— REQUIRED ACTION —
The answer must consist solely of the lines below starting at the one containing "В последние пару" and ending at the one containing "7月19日(日)、外部講師の", repeated exactly, with both ends included and all pictures omitted.

— DATA FOR PROCESSING —
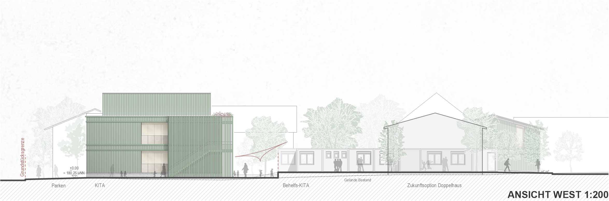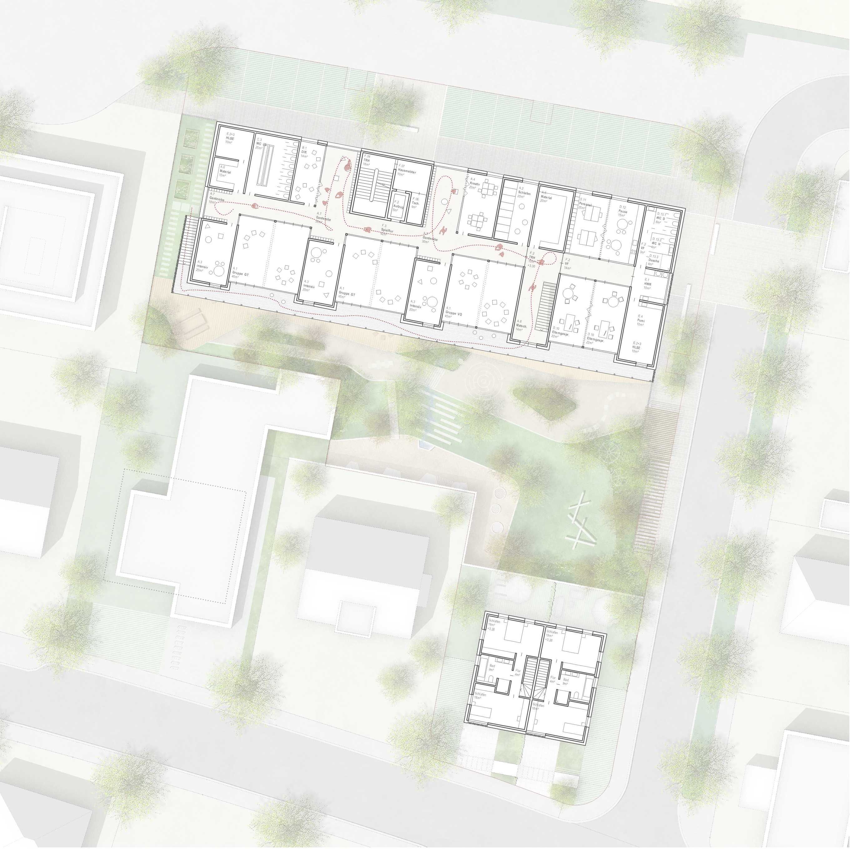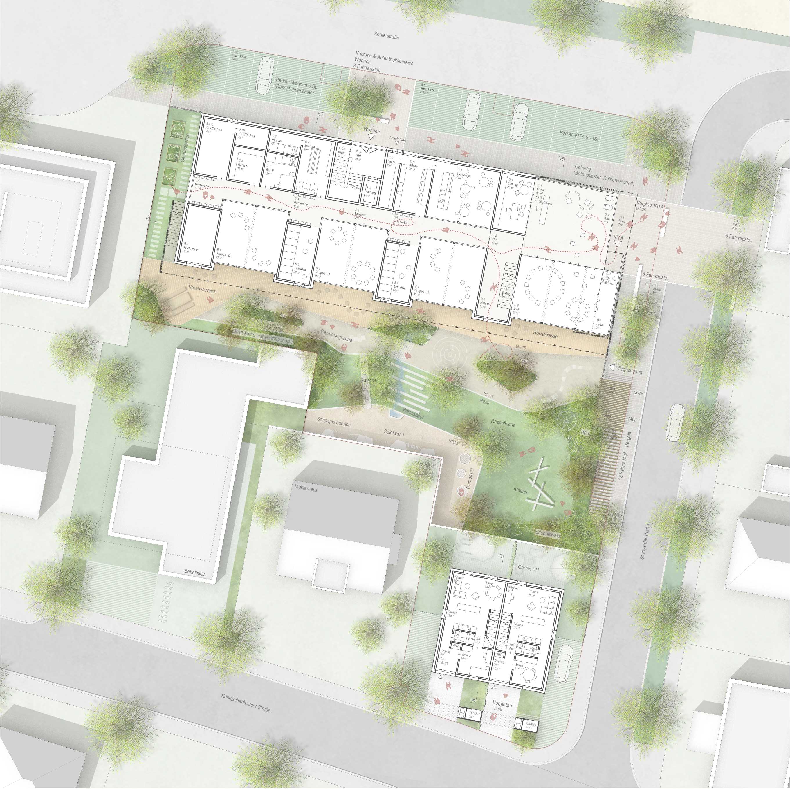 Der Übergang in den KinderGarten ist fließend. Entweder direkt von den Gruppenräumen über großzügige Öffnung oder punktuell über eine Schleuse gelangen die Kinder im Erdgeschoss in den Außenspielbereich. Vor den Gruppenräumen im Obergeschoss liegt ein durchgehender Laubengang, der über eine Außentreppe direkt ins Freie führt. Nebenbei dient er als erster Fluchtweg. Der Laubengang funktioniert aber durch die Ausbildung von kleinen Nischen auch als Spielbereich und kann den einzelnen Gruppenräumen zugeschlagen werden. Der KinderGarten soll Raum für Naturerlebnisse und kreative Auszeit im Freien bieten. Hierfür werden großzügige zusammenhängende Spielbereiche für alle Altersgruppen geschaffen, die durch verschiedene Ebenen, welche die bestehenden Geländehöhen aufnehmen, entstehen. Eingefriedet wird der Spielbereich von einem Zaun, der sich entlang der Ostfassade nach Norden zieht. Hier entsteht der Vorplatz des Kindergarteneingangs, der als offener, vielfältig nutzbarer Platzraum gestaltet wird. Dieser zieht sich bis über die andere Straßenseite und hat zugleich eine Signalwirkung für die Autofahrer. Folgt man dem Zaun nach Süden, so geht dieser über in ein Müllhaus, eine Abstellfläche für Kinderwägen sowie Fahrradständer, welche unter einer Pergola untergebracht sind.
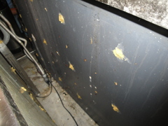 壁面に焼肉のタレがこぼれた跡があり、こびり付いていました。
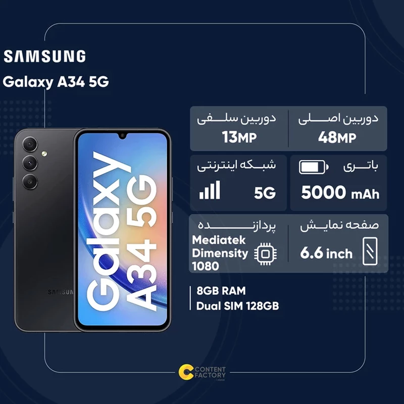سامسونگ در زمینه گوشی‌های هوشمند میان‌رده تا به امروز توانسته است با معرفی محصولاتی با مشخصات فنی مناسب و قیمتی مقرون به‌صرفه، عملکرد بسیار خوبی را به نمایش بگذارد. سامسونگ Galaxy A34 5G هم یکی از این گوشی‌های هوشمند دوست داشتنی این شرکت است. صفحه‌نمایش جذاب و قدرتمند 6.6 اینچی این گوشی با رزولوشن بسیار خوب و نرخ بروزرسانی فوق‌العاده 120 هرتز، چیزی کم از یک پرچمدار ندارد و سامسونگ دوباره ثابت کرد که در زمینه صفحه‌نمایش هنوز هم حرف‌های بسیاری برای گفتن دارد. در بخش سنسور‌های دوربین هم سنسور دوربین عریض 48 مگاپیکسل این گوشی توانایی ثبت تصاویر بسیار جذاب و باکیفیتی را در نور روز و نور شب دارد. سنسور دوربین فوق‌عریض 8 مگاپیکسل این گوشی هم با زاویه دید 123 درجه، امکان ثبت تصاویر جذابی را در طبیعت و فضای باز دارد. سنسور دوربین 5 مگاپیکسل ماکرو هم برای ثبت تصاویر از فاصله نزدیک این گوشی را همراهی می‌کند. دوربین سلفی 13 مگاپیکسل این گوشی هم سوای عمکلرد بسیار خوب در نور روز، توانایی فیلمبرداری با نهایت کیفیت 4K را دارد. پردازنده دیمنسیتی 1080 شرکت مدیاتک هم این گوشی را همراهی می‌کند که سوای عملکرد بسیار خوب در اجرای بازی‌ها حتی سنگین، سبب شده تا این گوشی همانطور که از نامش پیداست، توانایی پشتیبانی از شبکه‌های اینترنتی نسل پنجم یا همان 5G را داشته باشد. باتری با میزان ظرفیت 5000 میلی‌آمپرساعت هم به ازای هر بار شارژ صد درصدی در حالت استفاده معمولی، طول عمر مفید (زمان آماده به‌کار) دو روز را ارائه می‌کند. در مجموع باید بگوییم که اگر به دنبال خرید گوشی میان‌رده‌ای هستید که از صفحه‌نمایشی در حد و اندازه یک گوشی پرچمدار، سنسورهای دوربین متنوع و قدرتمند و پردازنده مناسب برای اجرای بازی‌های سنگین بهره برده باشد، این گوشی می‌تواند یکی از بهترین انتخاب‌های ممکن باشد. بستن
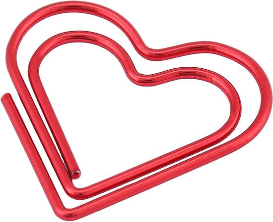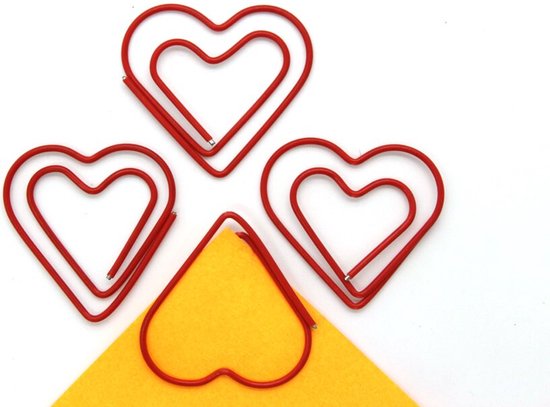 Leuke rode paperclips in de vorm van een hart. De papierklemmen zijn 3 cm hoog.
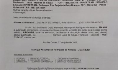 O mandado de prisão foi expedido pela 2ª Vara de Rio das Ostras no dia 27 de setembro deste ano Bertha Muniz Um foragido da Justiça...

--

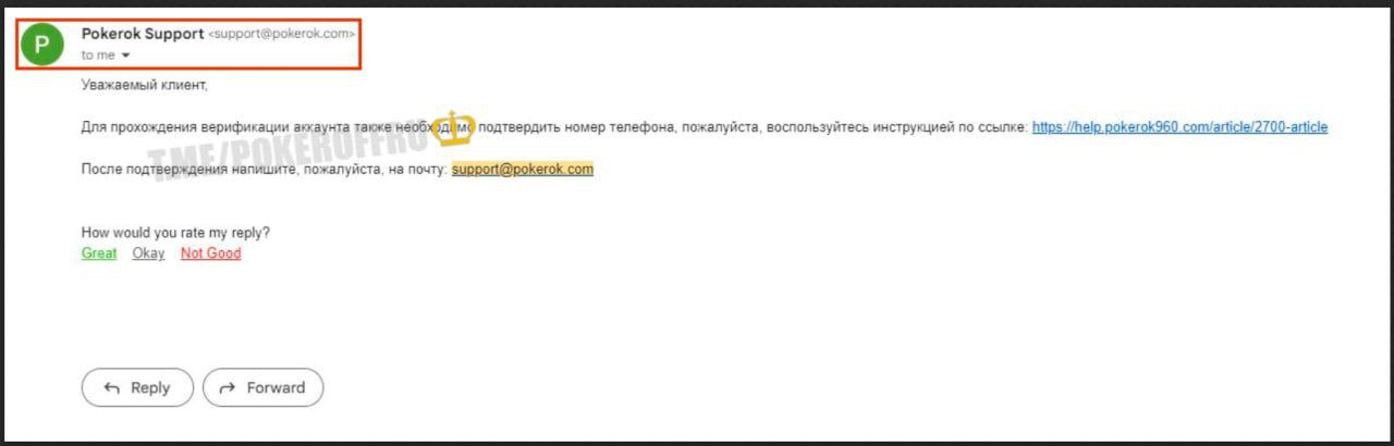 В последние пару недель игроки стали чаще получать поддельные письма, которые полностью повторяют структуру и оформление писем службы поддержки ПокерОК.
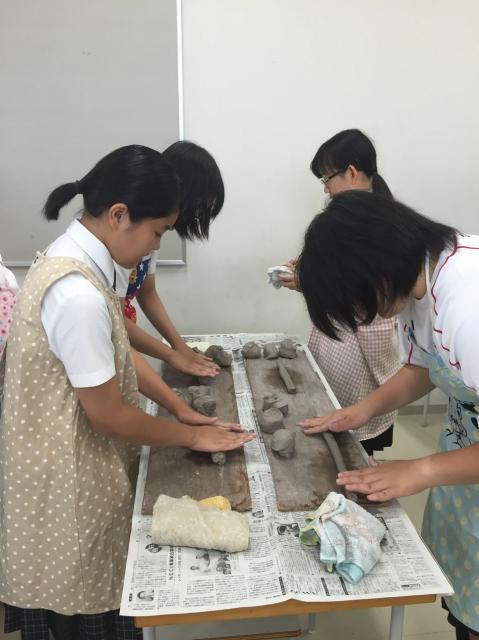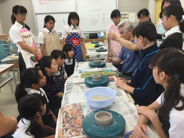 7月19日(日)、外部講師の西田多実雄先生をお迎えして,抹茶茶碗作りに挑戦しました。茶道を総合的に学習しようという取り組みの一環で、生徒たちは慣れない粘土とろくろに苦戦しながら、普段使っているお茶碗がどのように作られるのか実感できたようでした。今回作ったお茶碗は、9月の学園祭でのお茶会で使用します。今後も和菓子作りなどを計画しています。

---

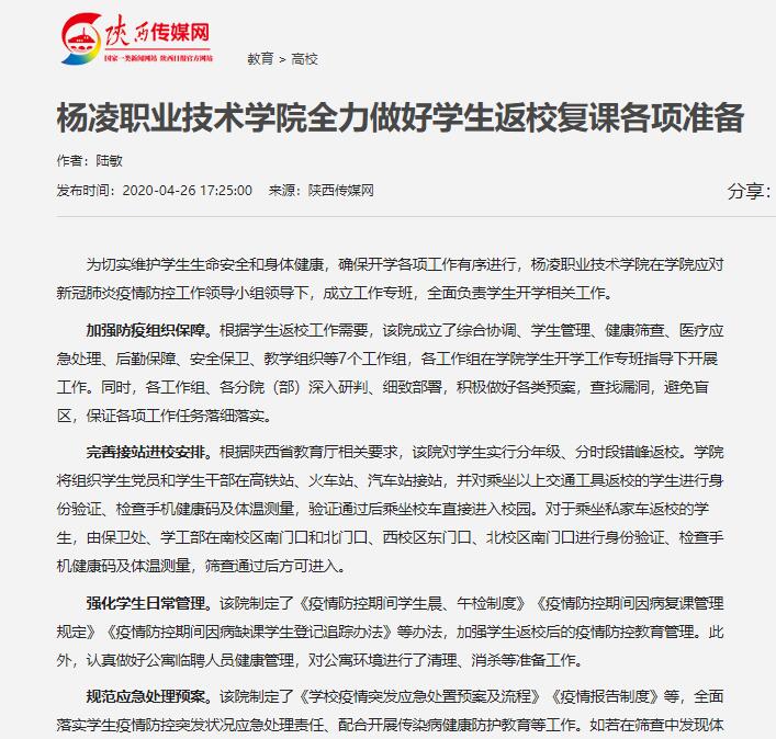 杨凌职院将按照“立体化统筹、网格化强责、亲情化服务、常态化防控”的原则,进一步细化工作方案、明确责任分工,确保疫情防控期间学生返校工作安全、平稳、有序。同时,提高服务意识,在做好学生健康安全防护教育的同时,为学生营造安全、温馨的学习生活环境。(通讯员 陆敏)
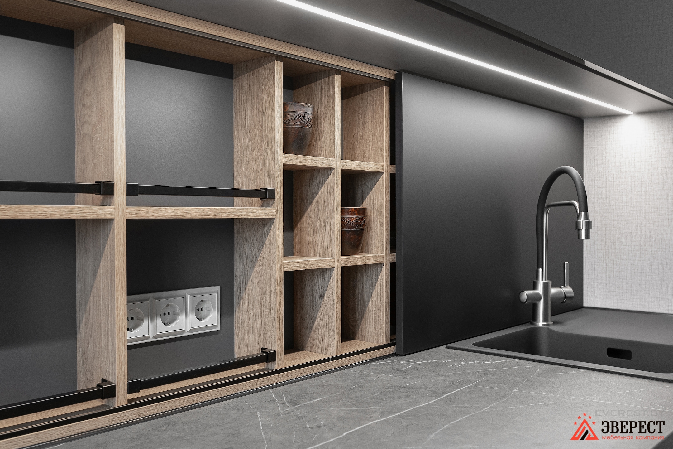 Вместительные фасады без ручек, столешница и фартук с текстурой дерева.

— EXERCISE RESPONSE —
 В последние пару недель игроки стали чаще получать поддельные письма, которые полностью повторяют структуру и оформление писем службы поддержки ПокерОК.
 7月19日(日)、外部講師の西田多実雄先生をお迎えして,抹茶茶碗作りに挑戦しました。茶道を総合的に学習しようという取り組みの一環で、生徒たちは慣れない粘土とろくろに苦戦しながら、普段使っているお茶碗がどのように作られるのか実感できたようでした。今回作ったお茶碗は、9月の学園祭でのお茶会で使用します。今後も和菓子作りなどを計画しています。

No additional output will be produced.